Introducing my tea friend Carlotta Mariani
Happy Thanksgiving tea lovers! This year, in the true spirit of the holiday, I want to celebrate by giving thanks. I am thankful for finding my true passion and a lot of friends along the way. Carlotta Mariani is one of them.
Yes, we share the same last name and no, we are not related. The love for tea has brought us together. Carlotta lives in Italy, not far from Milan and is the talented journalist behind the tea blog FiveOclock. Last September, during a trip to Italy, I had the pleasure to meet her in person over a cup of tea.
How did you become a tea lover?
When I was in high school, my friends and I would often meet to study together at a friend’s place. I remember hating my math homework with all my heart, but my friend’s mother would always make us a cup of tea half-way through our study session, which cheered me up again. Back then, nobody drank tea in my family and the only tea available in my parents’ pantry was way past its expiry date. My friend had a huge collection with so many different tea bags! From that moment on, my group of friends and I were hooked! We started drinking tea regularly and we were always looking for new flavors. I don’t drink bagged tea anymore, because “life is too short to drink bad tea”. Once you try loose leaf tea, there’s no going back.
When and how did you start your tea blog?
In 2008 I graduated with a thesis on blogging. Back then, blogging was not so popular like it is today and I only had a photo blog. In 2009 at journalism school, I had to start a blog as part of my course assignments. I was free to pick a topic and at first I wanted to start a travel blog. Everybody had chosen that topic already, so I ended up choosing tea, which is in a way very much like traveling.
What is your favorite tea?
I love green tea but I drink other types of tea too. My green tea passion is fueled by the way I feel after drinking it, I feel good and I get into a Zen state of mind.
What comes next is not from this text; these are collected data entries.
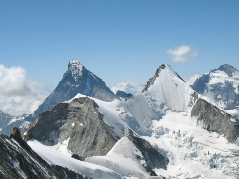 La face Nord de l'Obergabelhorn (sommet du milieu, entre le Pic Chaussy et les Monts Chevreuils), une face glaciaire condamnée à disparaître suite aux trop nombreuses marches taillées ces dernières années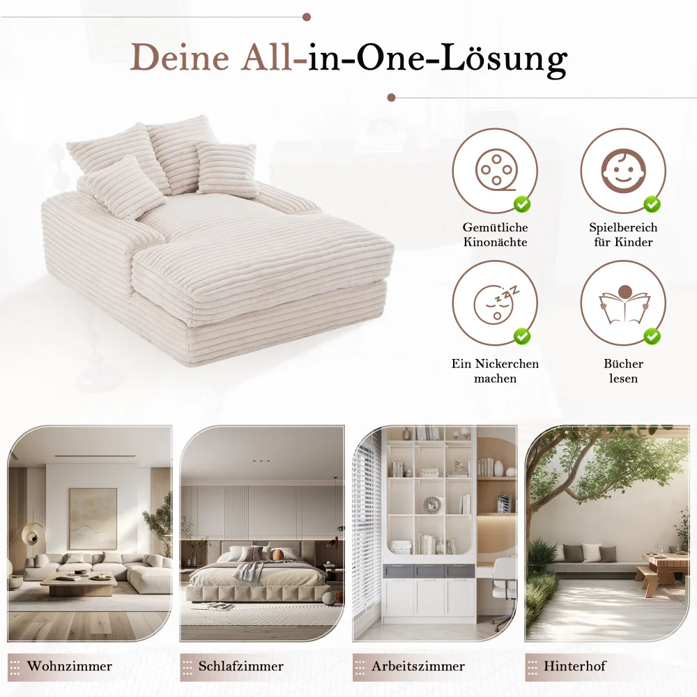 2.Этот меридиан размером 137 см (Д) × 175 см (Ш) ×63 см (В) предлагает достаточно места для лежания и отдыха.Независимо от того, смотрите ли вы любимые телесерии, читаете книгу или вздремнули, это идеальное место для абсолютного комфорта.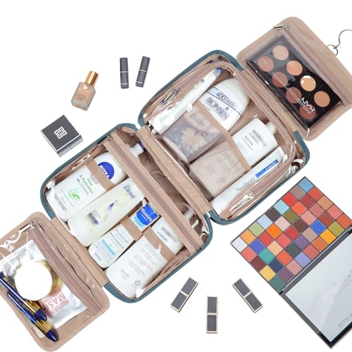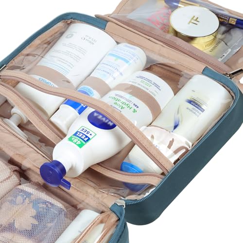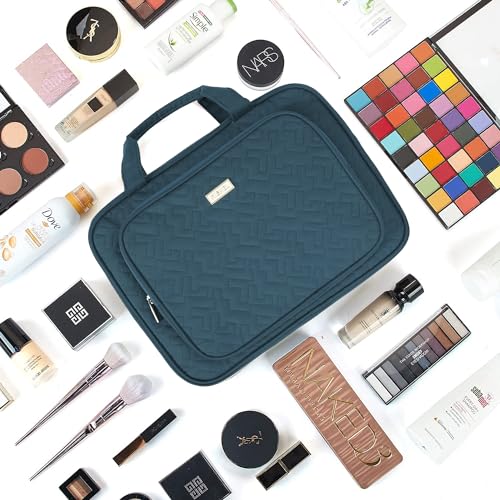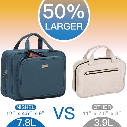 NISHEL Travel Toiletry Bag for Women Large Capacity, Travel Essentials Organizer, Hanging Makeup Case for Accessories, Cosmetics, Toiletries, Lake-Blue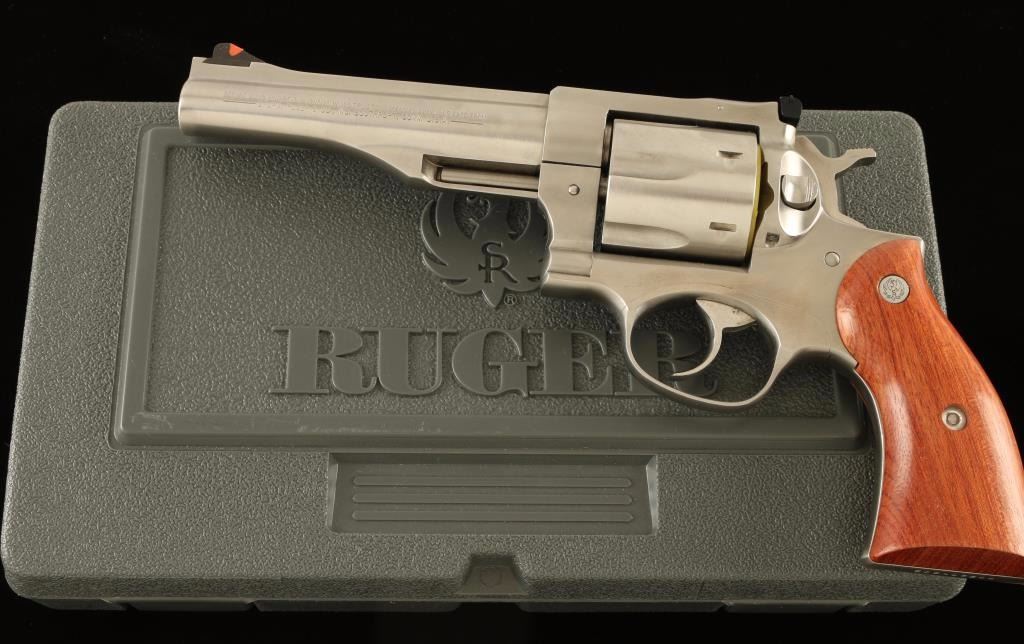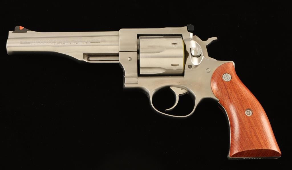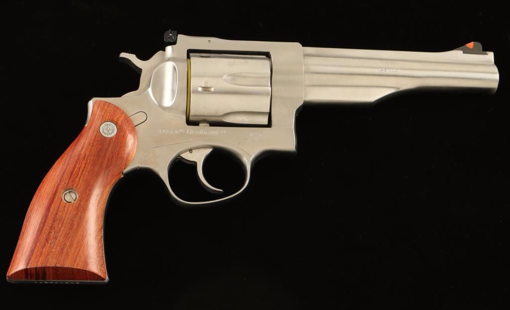Stainless steel large frame double-auction revolver chambered in .45 Colt, circa 2003. Features a brushed finish, solid ribbed 5 1/2" barrel, ramp front sight with orange insert, adjustable rear window sight with white outline, shrouded ejector rod, fluted six shot cylinder, transfer bar safety, smooth trigger, checkered hammer spur, and two-piece smooth wood grips with Ruger medallions. Includes the original factory hard case with documents, spent case and lock. Revolver exhibits little to no visible wear. Action is smooth with tight lock-up, bore is excellent and wood grips are fine. Condition is like new in box. ***Modern Firearm***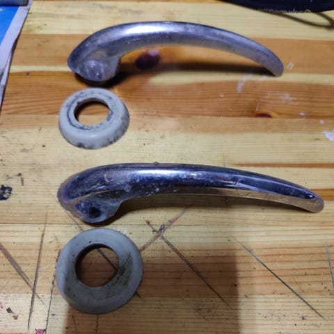 Todennäköisimmin vm. 64-65 VW kuplan ikkunakammet. Lukitustapit tallella ja muovialuslevyt ehjät.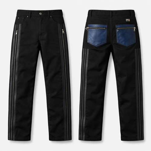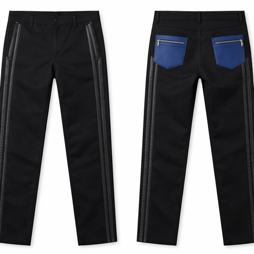 I want to create cotton pants like dickies. On the side of the leg I want two leather stripes stitched on top of the leg...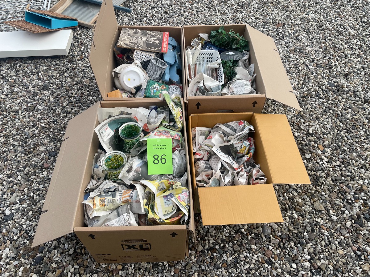 3 flyttekasser + 1 lille kasse med diverse indbo / “Lopper”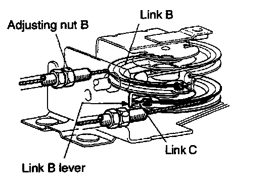 6. Turn down adjusting nut B in the direction that the free travel of the inner cable of the throttle cable is reduced. At the position where the lever of intermediate link B is brought into contact with intermediate link C, back off adjusting nut B the specified number of turns.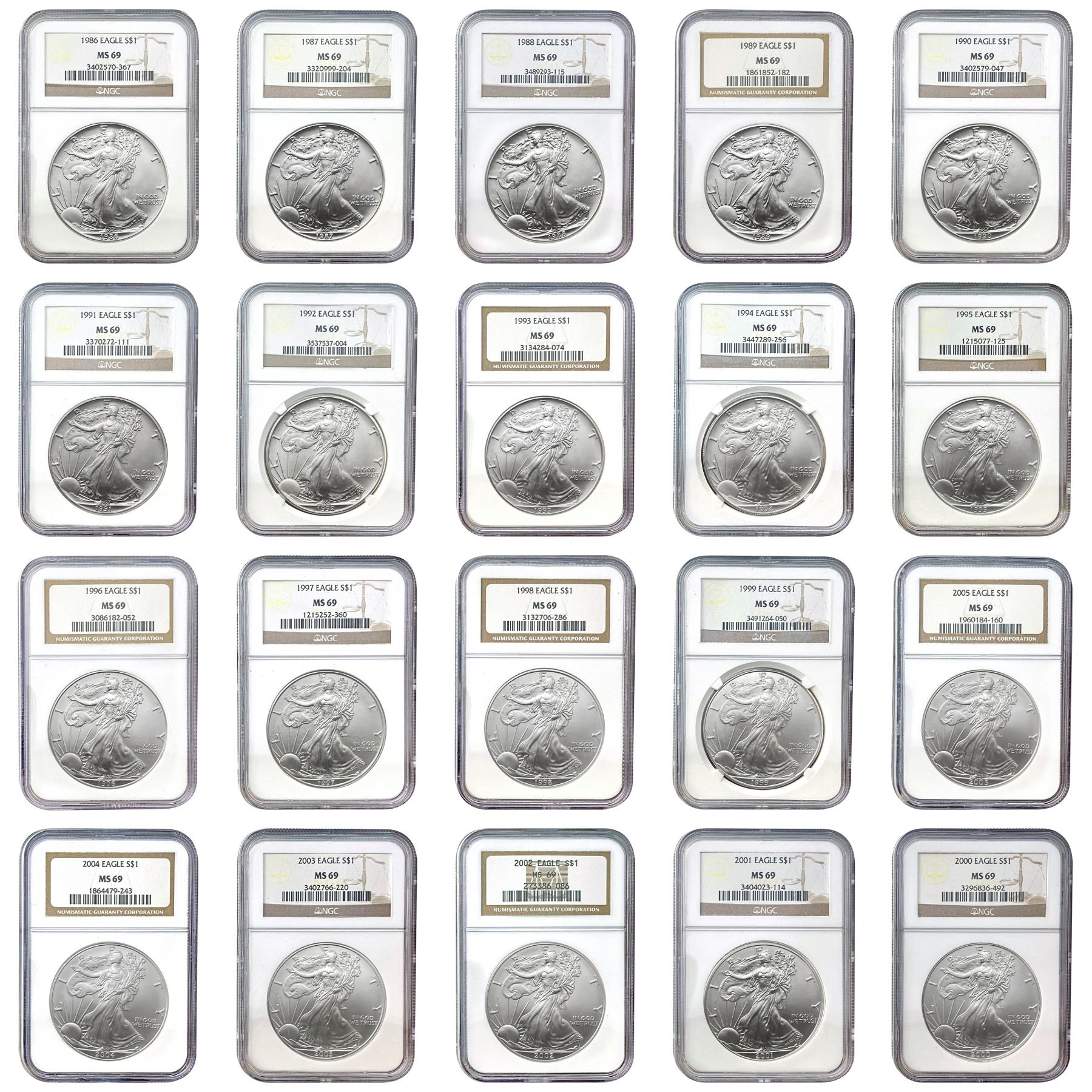1986-2005 American SIlver Eagle Set [20 Coins] NGC MS69

My favorite teas are Long Jing, Anji Bai Cha, Meng Ding Gan Lu, Sencha and of course, my beloved matcha.
Is there a brewing method that you prefer over the others?
It really depends on the tea, on my mood and on the time of the day. In the morning, I make myself a bowl of matcha and use all the traditional tools or if I’m drinking any other type of tea, I use my mug and a tea strainer. Right after getting up in the morning, I am not usually very active, so I prefer the easiest method. During the day, while I’m working, I love using my gaiwan for Chinese teas and my Kyushu teapot for Japanese teas. For black teas, regardless of their origin, I use a mug and a tea strainer or a Western-style tea pot.
What is the one piece of tea ware or tea accessory you cannot do without?
My teacups and tea mugs. I have many of them in different colors, shapes and styles and they remind me of my trips and travels and of the friends or family members that gave them to me as a present.
What is the most unusual tea-related thing that you have ever seen/experienced?
The first is Goishicha, a fermented Japanese tea that I discovered at the Universal Exposition Expo2015 last year in Milan. The second is getting to know the camellia sinensis plant up close and personal, which happened last summer on a tea farm in Northern California. I would have never thought it possible!
What are your plans for your tea blog?
I want to make my blog even more professional and I would love to become a point of reference for tea lovers and tea newbies alike. The layout and structure of the blog have already been improved and my mission is to educate Italians on tea. It’s going to be challenging but I love a good challenge!
What are your favorite tea houses in Milan?
My favorite tea houses are Chà Tea Atelier and La Teiera Eclettica. Here you can drink high quality loose-leaf (properly-brewed) teas from different countries. Another favorite is Crazy Cat Café, not only because of the tea they serve but also because of the cats (can you tell I am a cat lover?).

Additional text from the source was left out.